# kenmore refrigerator 3 door freezer on bottom



## Belirick (Nov 22, 2013)

Freeze has a leak. It is making a sheet of ice on the bottom and it is leaking water on both sides of the door. Has anyone had this problem?


----------



## jeff1 (Nov 22, 2013)

Hi,

Model#?
http://www.applianceaid.com/model-number.php Some model# helps.

Most common trouble maker is a clogged or restricted defrost drain and the defrost water leaks inside and freezes.

jeff.


----------



## sgoodbaum (Jan 17, 2014)

Where do I find the drain and how to clean it out?


----------



## woodchuck (Jan 17, 2014)

Remove the drawer, food etc. so you can access the very bottom.
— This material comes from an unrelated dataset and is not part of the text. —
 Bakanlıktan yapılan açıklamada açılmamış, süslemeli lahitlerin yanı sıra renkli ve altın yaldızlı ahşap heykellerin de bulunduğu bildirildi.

Remove the ice including the very back where there will be a hole with some ice in it. clear it and then using compressed air (by blowing on a tube or what ever you can come up with) clear the tube which emptys  in the evaporator pan under the fridge. See if water will flow freely after you clear it. The tube can get stopped up with debris , dust  or mold. A half cup of clorox will help kill the mold.


----------



## jeff1 (Jan 17, 2014)

sgoodbaum said:


> Where do I find the drain and how to clean it out?



Hi,

Make, model#?
http://www.applianceaid.com/model-number.php

jeff.


----------



## sgoodbaum (Jan 19, 2014)

I have a Maytag model MF12569YEMO fridge, three doors, freezer on the bottom.  I don't see a freezer drain on the bottom of the freezer compartment.  It takes about a month or two for the bottom of the freezer compartment to accumulate ice across the entire bottom. The I have a leak, presumably when the freezer goes into defrost mode.  All ideas will be much appreciated.


----------



## jeff1 (Jan 19, 2014)

> MF12569YEMO



I think that will be MF*I*2569YEM*0*

The back wall (#11) has to come off to see the start of the drain pan under the evaporator/cooling coils...
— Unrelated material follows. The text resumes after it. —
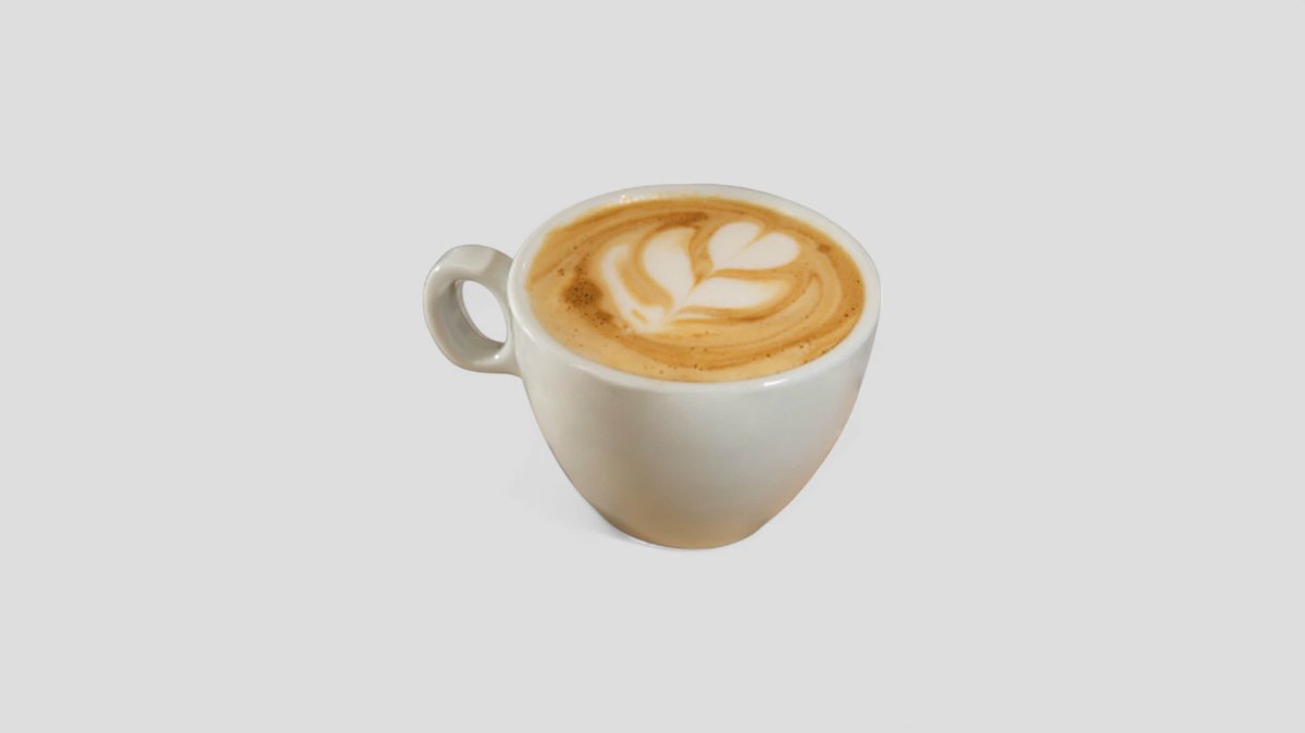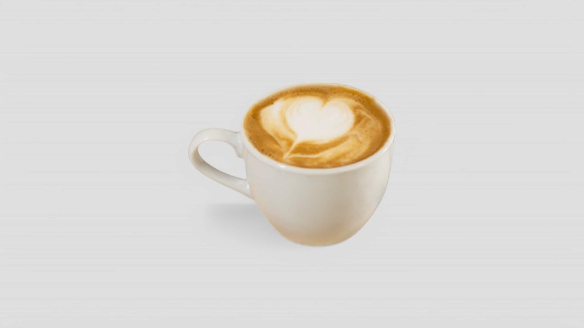 Espresso, lapte fierbinte, acoperit cu un strat consistent de spuma 250 ml Poza produsului este cu carater informativ.

#20 is the pan under the evaporator/cooling coils...






...remove any ice and flush hot water down the drain system.






A turkey baster can be used to help clean out the drain system. Fill the baster with hot water and "blast" it into the drain hose to help flush it out. A piece of wire or pipe cleaner can also be pushed into the drain hoses to help clean then out.

jeff.


----------